During the course of its fieldwork in 2003, Human Rights Watch researched some thirty cases of alleged wrongdoing by members of the IDF. The majority of these cases were incidents that had taken place at least six to twelve months earlier, allowing sufficient time for an investigation to take place. Others took place during Human Rights Watch’s period of fieldwork. Human Rights Watch in February 2005 requested from the IDF any update in the status of each case, and as of early June 2005 had received no response.

In selecting cases for examination, Human Rights Watch concentrated on those cases of alleged wrongdoing that the IDF had publicly committed to investigate. In the great majority of these cases, the killings very clearly happened outside a situation of armed conflict. Human Rights Watch also followed up cases that it had itself presented earlier to the IDF for investigation. For the sake of comparison, Human Rights Watch also documented a number of cases of alleged wrongdoing that appeared to merit investigation, but no mention of investigation had been made. Reasons of space do not allow us to discuss in the report every troubling case.

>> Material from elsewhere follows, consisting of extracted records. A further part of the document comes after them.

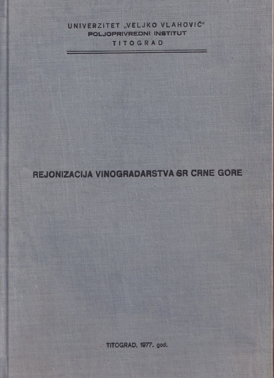 Rejonizacija vinogradarstva SR Crne Gore 1977. godine. Komisija Republičkog sekretarijata za poljoprivredu SR Crne Gore prihvatila je izradu prijedloga rejonizacije po metodici koju je razvila Međurepubličko-pokrajinska komisija za rejonizaciju vinogradarstva i izradu vinogradarskog katastra u SFRJ 1975. godine. Članovi komisije bili su: → Marko Ulićević, → Svetozar Pejović, Milutin Kostić, Gavro Spahić i → Nikola Petrović. Elaborat o rejonizaciji uradio je → Poljoprivredni institut u Titogradu, pod rukovodstvom → Predraga Vuksanovića. Saradnici na projektu bili su: Svetozar Pejović, → Vasilije Ćetković, → Ljubomir Pejović (Zavod za vinogradarstvo i voćarstvo Poljoprivrednog instituta), Dušan Ivezić (Hidrometeorološki zavod) i Pavle Samardžić (Zavod za proučavanje zemljišta). Tehnički saradnici bili su: Dragomir Lakić, Božidar Marković i Ilija Marićević. U izradi elaborata učestvovali su i → Jakša Pavićević i → Danilo Spaić iz OOUR-a „Plantaže” (→ Agrokombinat „13. jul” ). Rejonizacija je usvojena 1977. godine. Izdvojen je Crnogorski vinogradarski region, površine 1.906 ha, koji se sastojao od Crnogorsko primorskog i Titogradskog vinogorja. U državnom vlasništvu bilo je 796 ha vinograda (41,8%), a u privatnom 1.110 ha (58,2%). Od ukupne površine pod vinogradima, pod → vinskim sortama bilo je 1.515 ha (79,49%), a pod → stonim sortama 391 ha (20%). Od 796 ha vinograda u društvenom vlasništvu, pod vinskim sortama na 598 ha (75,15%), dominirale su crne vinske sorte na 571 ha (95,52% ): vranac (85%) i kratošija (10%), dok su se bijele vinske sorte gajile na 27 ha (4,48%): bijeli krstač (90%) i žilavka (10%). Pod stonim sortama u društvenom vlasništvu bilo je 198 ha (24,85%), sa dominantnim sortama → kardinal, → kraljica vinograda i afus ali. Od 1.110 ha pod vinogradima u privatnom vlasništvu, pod vinskim sortama na 917 ha (82,6%), dominirale su crne vinske sorte na 882 ha (96,20%): kratošija (48%) i vranac (40%). Od bijelih vinskih sorti, na površini od 35 ha (3,80%), dominirale su sorte bijeli krstač (70%) i žižak (5%), dok su ostale bijele sorte (→ muškaćela, žilavka i dr.) bile zastupljene 25%. Stone sorte su se gajile na 193 ha (7,40%): razaklija (70%), kraljica vinograda i muskat hamburg. Unutar regiona izdvojen je i poseban lokalitet oaza Nudo. Rejonizacija vinogradarskih područja Crne Gore iz 1977. bila je polazna osnova za izradu nove rejonizacije 2017. godine.
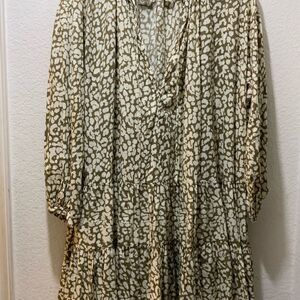 LOVE STORIES x H&M Tiered Beach Tunic Oversized Mini Dress Khaki Leopard Small
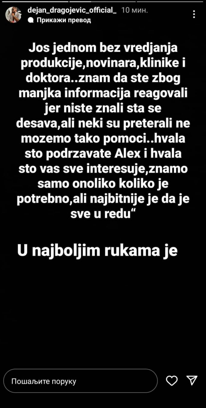 Tim povodom se oglasio Dejan kako bi smirio sve one koi brinu o zdravstvenom stanju njegove devojke, pa su počeli da vređaju pripadnike sedme sile, produkciju, pa čak i bolnicu u kojoj je operisana.
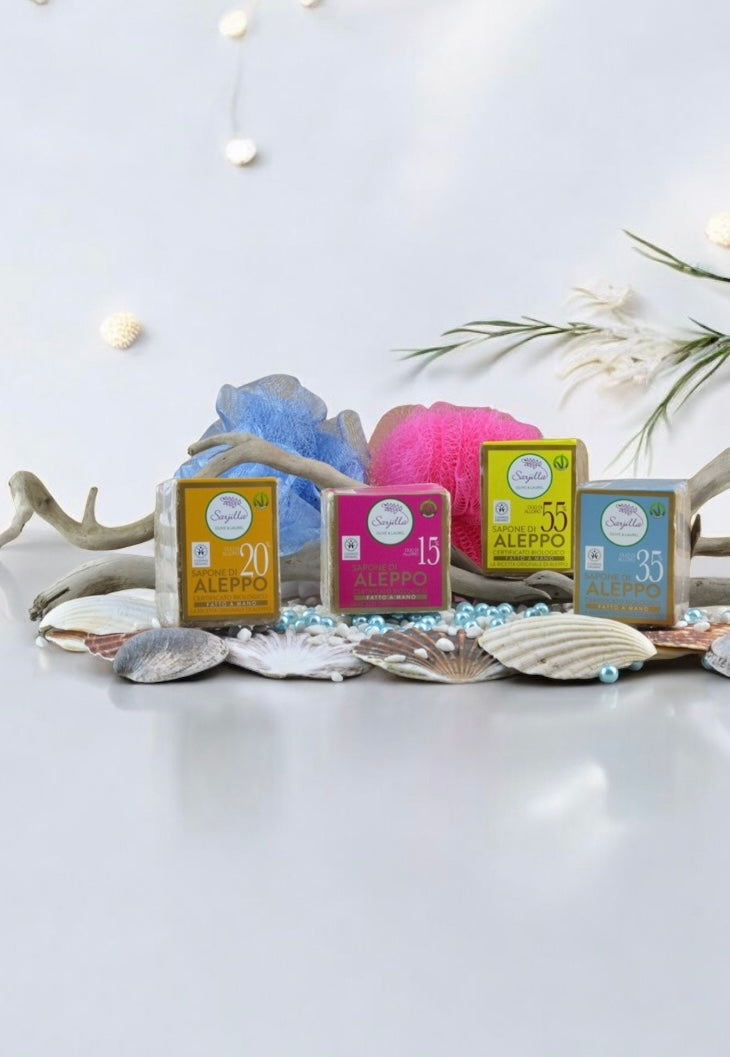 Il sapone di Aleppo Sarjilla è realizzato con ingredienti naturali di prima qualità, tra cui olio di oliva e olio di alloro puro. La nostra produzione segue i metodi tradizionali di Aleppo, garantendo un prodotto autentico e artigianale, privo di sostanze chimiche, conservanti e coloranti artificiali.

[21] “In our eyes, the defendants are not deviants and are no different from thousands of soldiers who belong to their brigade... Their failure is the bitter fruit of the lack of observation of norms which apparently received legitimization and even encouragement by commanders. Even, regretfully, by high-ranking commanders. . . ,” Military Court opinion in the Givati trial, May 25, 1989. For an account of the Givati incident, see John Conroy, Unspeakable Acts, Ordinary People: The Dynamics of Torture (New York: Knopf, 2000), pp. 140-42.

[22] “Israel will Not Punish Soldiers over Shooting of Peace Demonstrator,” Agence France-Presse, January 6, 2004. The army later stated that the soldiers would not be disciplined because they had operated according to the rules of engagement, and one “senior military officer” told the press that it was not possible to equip troops with riot control equipment to deal with such incidents. See, Amos Harel and Tsahar Rotem “IDF Won’t Act Against Soldires Who Shot Protester,” Ha’aretz, January 6, 2004. One of the recommendations to Israel of the Sharm el-Sheikh Fact-Finding Committee, appointed by President Clinton and headed  by former Senator George Mitchell, was to “ensure that the IDF adopt and enforce policies and procedures encouraging non-lethal responses to unarmed demonstrators, with a view to minimizing casualties and friction between the two communities.”

[23] Complaints against Israeli police, in contrast to those against the IDF, are handled by the department of investigation of police misconduct within the Ministry of Justice. Although police investigations suffer from ongoing problems, they have complied to a greater extent with international standards of fairness than those of the IDF.

[24] The Karp Commission was formed in response to a petition by fourteen Israeli law professors protesting the practices of Israeli settlers towards Palestinians in the West Bank. The commission was created by the Israeli attorney general and headed by his deputy, Judith Karp.  

[25] Deputy Attorney General Judith Karp, Investigations of Suspicions Against Israelis in Judea and Samaria,: “Conclusions”   (Government Press Office, May 25, 1982); released in edited form by Government Press office, Jerusalem, February 7, 1984.   Known as the Karp Commission Report, an English-language translation was published as The Karp Report (Washington D.C.: Institute for Palestinian Studies, 1984).